We're obviously interested in using WebRTC for use cases that require more real-time interactions, but I don't have anything I can publicly share right now. For sub-second streaming using WebRTC, there are a lot of options out there at the moment though, including Millicast [2] and Red5Pro [3] to name a couple.
Two big questions comes up when I talk to customers about WebRTC at scale:
The first is how much reliability and perceptual quality people are willing to sacrifice to get to that magic 1 second latency number. WebRTC implementations today are optimised for latency over quality, and have a limited amount of customisability - my personal hope is that the client side of the WebRTC will become more unable for PQ and reliability, allowing target latencies of ~1s rather than <= 200ms.
The second is cost. HLS, LL-HLS etc. can still be served on commodity CDN infrastructure, which can't currently serve WebRTC traffic, making it an order of magnitude cheaper than WebRTC.
[1] https://mux.com/blog/introducing-low-latency-live-streaming/ [2] https://www.millicast.com/ [3] https://www.red5pro.com/
majormajor|4 years ago
But that place pulling down the feed usually isn't the streaming service you're watching! There are third parties in that space, and third party aggregators of channel feeds, and you may have a few hops before the files land at whichever "streaming cable" service you're watching on. So even if they do everything perfectly on the delivery side, you could already be 30s behind, since those media files and HLS playlist files have already been buffered a couple times since they can come late or out of order at any of those middleman steps. Going further and cutting all the acquisition latency out? That wasn't something really commonly talked about a few years ago when I was exposed to the industry. It was complained about once a year for the Super Bowl, and then fell down the backlog. You'd likely want to own in-house signal acquisition and build a completely different sort of CDN network.

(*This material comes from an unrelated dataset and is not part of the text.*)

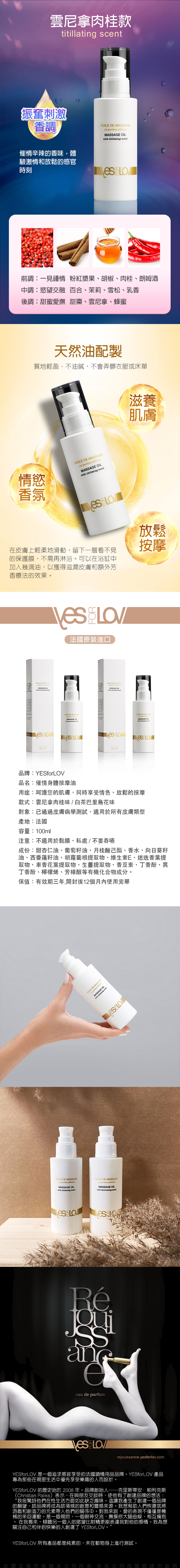 產品名稱:YESforLOV|催情按摩油|雲尼拿肉桂味 100ml

Last I talked to someone familiar with it, the way stuff that cares about low latency (like streaming video game services) does it is much more like what you talk about with custom protocols.
thrashh|4 years ago
And it broke all my stuff because I was relying on low latency. And I remember reading around at the time — not a single person talked about the loss of a low latency option so I just assumed no one cared for low latency.
torginus|4 years ago
slimscsi|4 years ago
You can deliver all your video via WebRTC with lower latency, but your bandwidth bill will be an order of magnitude higher.
rlyshw|4 years ago
I imagine the (proprietary) stadia implementation is highly tuned to that specific implementation, with tons of control over the video source (cloud GPUs) literally all the way down to the user's browser(modern chrome implementations). Plus their scale likely isn't in the tens of thousands from a single origin. Even still, I continue to be blown away by the production latency numbers achieved by game streaming services.
And my use-case is no use-case or every use-case. I'm just a lowly engineer that has seen this gap in the industry.
itisit|4 years ago
giantrobot|4 years ago
Stick with satellite distribution? You're going to have a devil of a time scaling any sort of real-time streaming over an IP network. Every hop adds some latency and scaling pretty much requires some non-zero amount of buffering.
IP Multicast might help but you have to sacrifice bandwidth for the multicast streams and have support all down the line for QoS. It's a hard problem which is why no one has cracked it yet. You need a setup with real-time capability from network ingest, through peering connections, all the way down to end-user terminals.